▶ _Records from a dataset_
○ ○ ○ ○

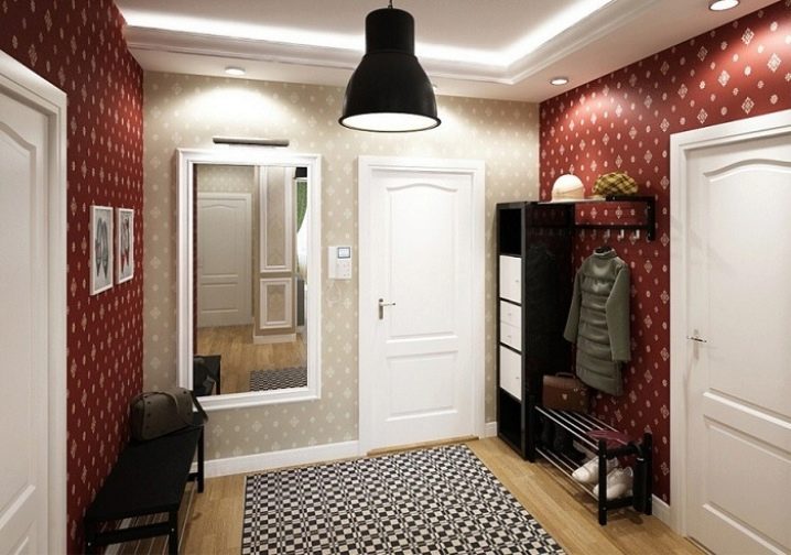 - Le couloir peut être décoré de manière très lumineuse et originale. Par exemple, une combinaison de décoration murale blanche et rouge, associée à un plafond blanc comme neige à plusieurs niveaux, complétée par une bande LED, sera élégante. Dans un tel cadre, il y a une place pour un miroir rectangulaire strict avec un cadre blanc et un éclairage dans la partie supérieure.
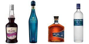 (左から、ルジェ ビター カシス、パトロン EL ALTO、フロール・デ・カーニャ 12年、iichiko彩天) -
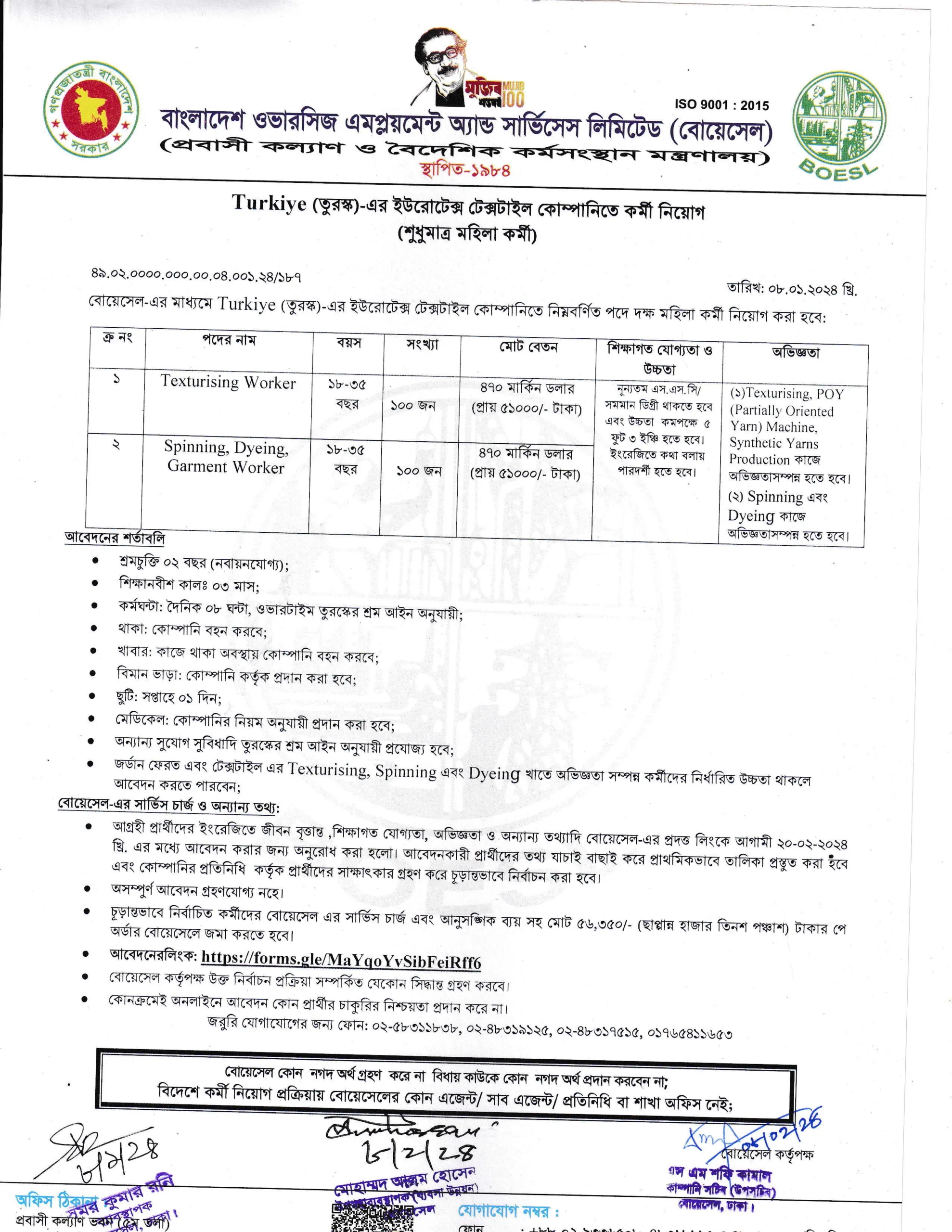 সরকারিভাবে বাংলাদেশ ওভারসিজ এমপ্লয়মেন্ট অ্যান্ড সার্ভিসেস লিমিটেড- বোয়েসেলের মাধ্যমে দক্ষ নারী কর্মী নিয়োগ দেবে তুরস্ক।
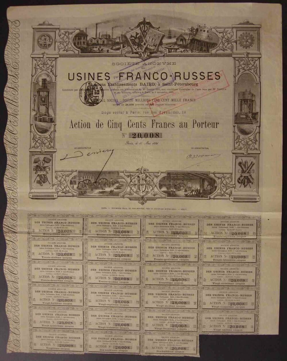 Акция. Санкт-Петербург. АО Русско-Французских Заводов (бывший Берда). 500 фр.
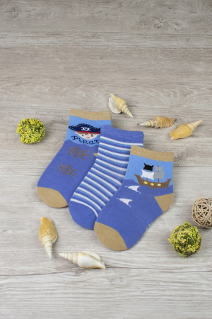 Носки с вязаными рисунками в виде кораблика, полосок и пирата для детей. В комплекте 3 пары с разным дизайном, по 1 каждого вида. Состав ткани: 80% х/б, 17% п/а, 3% эластан. Возможен заказ в розницу. Арт. НД280
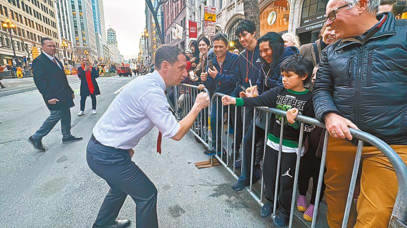 三藩市市長羅偉與小觀眾碰拳打招呼,盡顯親民本色。記者蘇婕雅攝
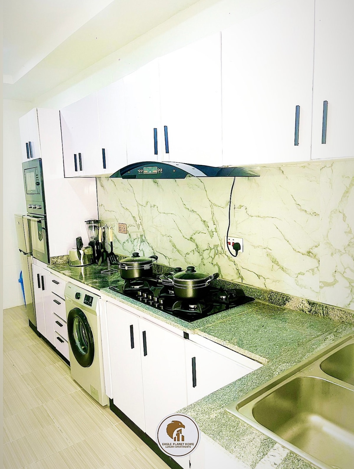 Experience luxury living at its finest with this 1 bedroom apartment offering a well finished space perfect for entertaining guests. The spacious living area features a tasteful finished furnishing while the kitchen is well equipped with basic kitchen amenities. The bedroom offers a peaceful oasis with a queen size bed. Equipped with a double balcony located at the front and behind. Enjoy the convenience of a laundromat alongside the building’s amenities. This is urban living!
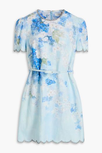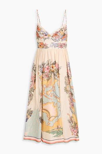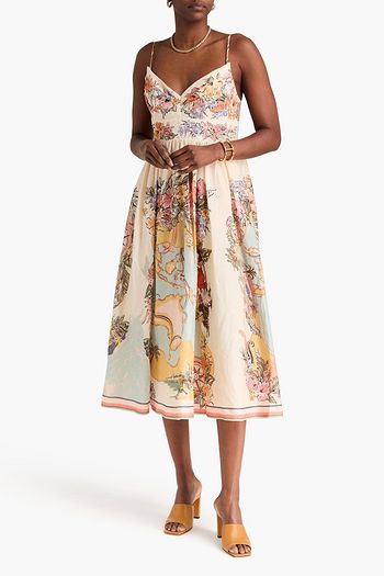 Pleated floral-print linen midi dress

○ ○ ○ ○

▶ _The task_
Write back the stretch of lines above that begins with the line holding "(左から、ルジェ ビター カシス、パトロン" and ends with the line holding "三藩市市長羅偉與小觀眾碰拳打招呼,盡顯親民本色。記者蘇婕雅攝", both included, exactly as written. Pictures stay out.

▶ _Finished exercise_
 (左から、ルジェ ビター カシス、パトロン EL ALTO、フロール・デ・カーニャ 12年、iichiko彩天) -
 সরকারিভাবে বাংলাদেশ ওভারসিজ এমপ্লয়মেন্ট অ্যান্ড সার্ভিসেস লিমিটেড- বোয়েসেলের মাধ্যমে দক্ষ নারী কর্মী নিয়োগ দেবে তুরস্ক।
 Акция. Санкт-Петербург. АО Русско-Французских Заводов (бывший Берда). 500 фр.
 Носки с вязаными рисунками в виде кораблика, полосок и пирата для детей. В комплекте 3 пары с разным дизайном, по 1 каждого вида. Состав ткани: 80% х/б, 17% п/а, 3% эластан. Возможен заказ в розницу. Арт. НД280
 三藩市市長羅偉與小觀眾碰拳打招呼,盡顯親民本色。記者蘇婕雅攝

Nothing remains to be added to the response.